Hu Ying, Hu Changjun, Fu Shushen, Fang Mingzhe, Xu Wenwen
Department of Computer and Communication Engineering, University of Science and Technology Beijing, Beijing, China.
PLoS One. 2017 Jan 3;12(1):e0168749. doi: 10.1371/journal.pone.0168749. eCollection 2017.

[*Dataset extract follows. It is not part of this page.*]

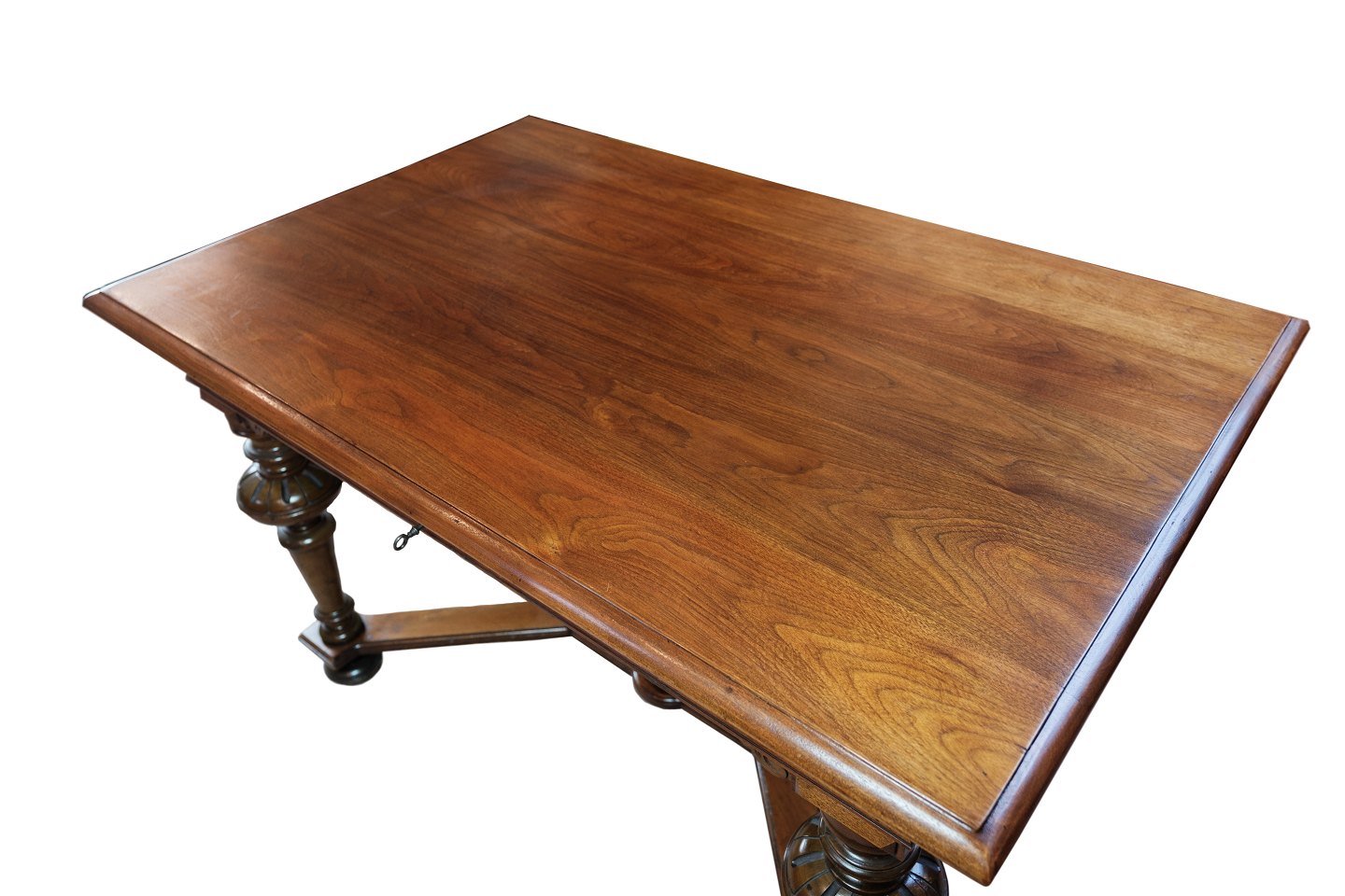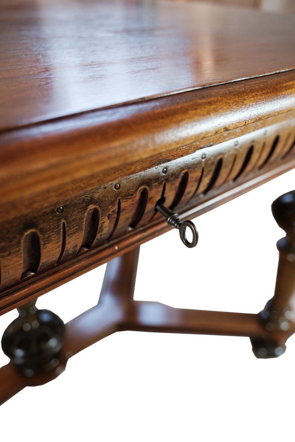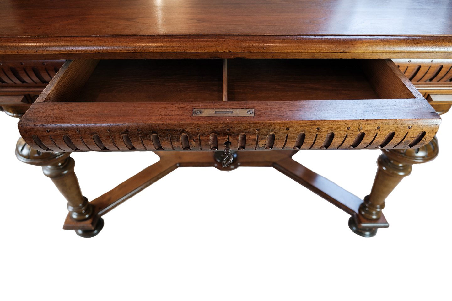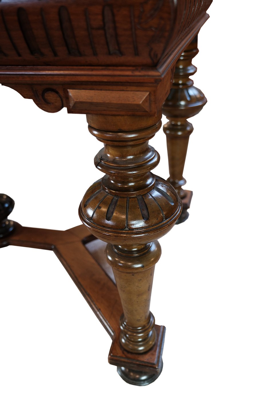 SolgtAnretterbord / skrivebord i valnød fra Danmark dekoreret med udskæringer fra år 1880'erne. Istandsat.
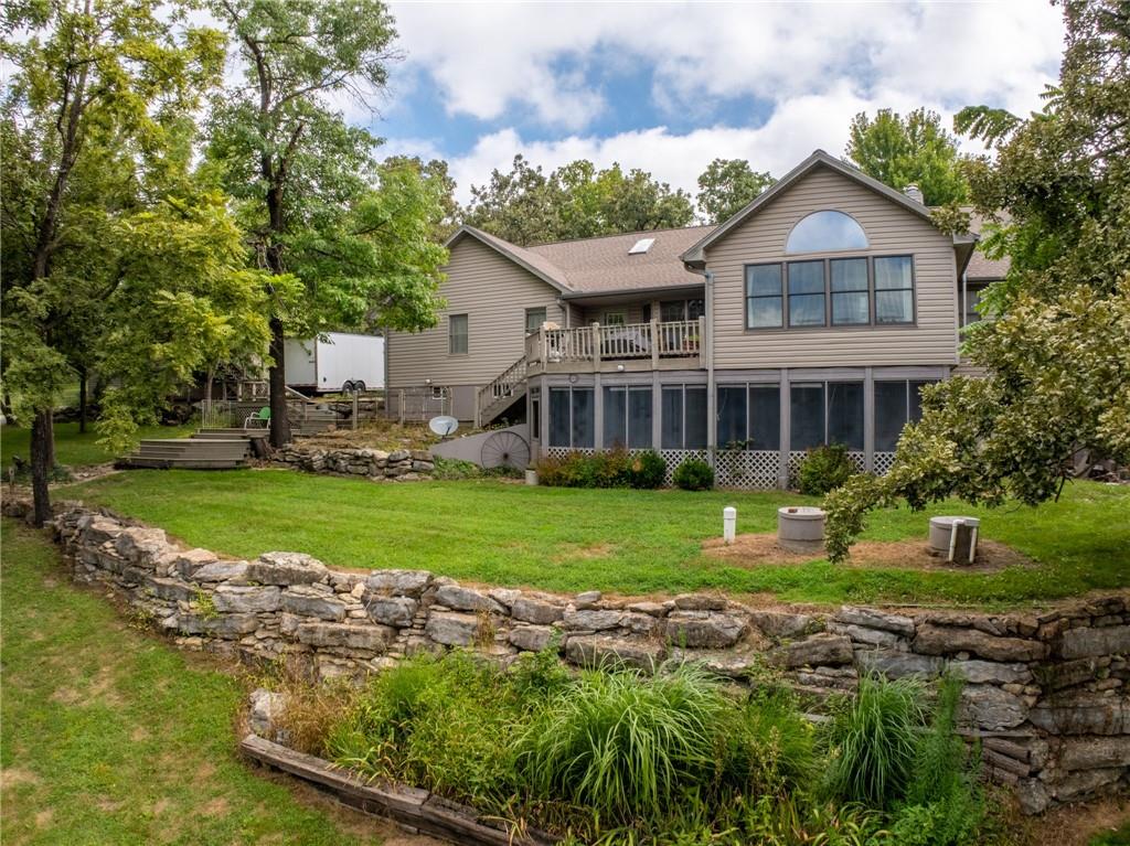 Lake Viking Waterfront Retreat! Shaded by beautiful mature trees and sitting right on the water, this Lake Viking retreat is built for lake living and making memories with the whole gang! Inside, there’s room for everyone: 4 bedrooms & 4 baths, including a roomy primary suite, a fun upstairs bonus room, plus a quiet non-conforming bedroom, and a giant basement bunkroom. Add in a huge family room with a wet bar and a wood stove, and you’ve got entertainment covered. Love extras? How about a sunroom, a great room with a cozy fireplace, a screened porch just steps from the shoreline, and plenty of places to relax after a day on the water. And oh, the lake life! Your very own oversized 1-well dock with a boat lift and a massive swim platform that's built for swimming, fishing, and all-day fun in the sun. Toys? No problem. There’s a 2-car attached garage plus a lower level garage - perfect for water toys, a bonus outbuilding with even more garage space AND a loft—perfect for storage now or future expansion later. This isn’t just a house. It’s a lake lifestyle—room for everyone, space for everything, and the water right at your doorstep. Pack your crew and jump in… the lake is calling!

The popularity of online information generally experiences a rising and falling evolution. This paper considers the "burst", "peak", and "fade" key events together as a representative summary of popularity evolution. We propose a novel prediction task-predicting when popularity undergoes these key events. It is of great importance to know when these three key events occur, because doing so helps recommendation systems, online marketing, and containment of rumors. However, it is very challenging to solve this new prediction task due to two issues. First, popularity evolution has high variation and can follow various patterns, so how can we identify "burst", "peak", and "fade" in different patterns of popularity evolution? Second, these events usually occur in a very short time, so how can we accurately yet promptly predict them? In this paper we address these two issues. To handle the first one, we use a simple moving average to smooth variation, and then a universal method is presented for different patterns to identify the key events in popularity evolution. To deal with the second one, we extract different types of features that may have an impact on the key events, and then a correlation analysis is conducted in the feature selection step to remove irrelevant and redundant features. The remaining features are used to train a machine learning model. The feature selection step improves prediction accuracy, and in order to emphasize prediction promptness, we design a new evaluation metric which considers both accuracy and promptness to evaluate our prediction task. Experimental and comparative results show the superiority of our prediction solution.
在线信息的流行度通常会经历一个起伏演变的过程。本文将“爆发”“峰值”和“衰落”这几个关键事件视为流行度演变的一个代表性总结。我们提出了一项新颖的预测任务——预测流行度何时经历这些关键事件。了解这三个关键事件何时发生非常重要,因为这样有助于推荐系统、网络营销以及谣言控制。然而,由于两个问题,解决这项新的预测任务极具挑战性。首先,流行度演变具有高度的变化性,且可以遵循各种模式,那么我们如何在不同的流行度演变模式中识别“爆发”“峰值”和“衰落”呢?其次,这些事件通常在很短的时间内发生,那么我们如何准确且及时地预测它们呢?在本文中,我们解决这两个问题。为处理第一个问题,我们使用简单移动平均来平滑变化,然后针对不同模式提出一种通用方法来识别流行度演变中的关键事件。为处理第二个问题,我们提取可能对关键事件有影响的不同类型特征,然后在特征选择步骤中进行相关性分析以去除不相关和冗余的特征。剩余的特征用于训练机器学习模型。特征选择步骤提高了预测准确性,并且为了强调预测及时性,我们设计了一种新的评估指标来同时考虑准确性和及时性,以评估我们的预测任务。实验和对比结果显示了我们预测解决方案的优越性。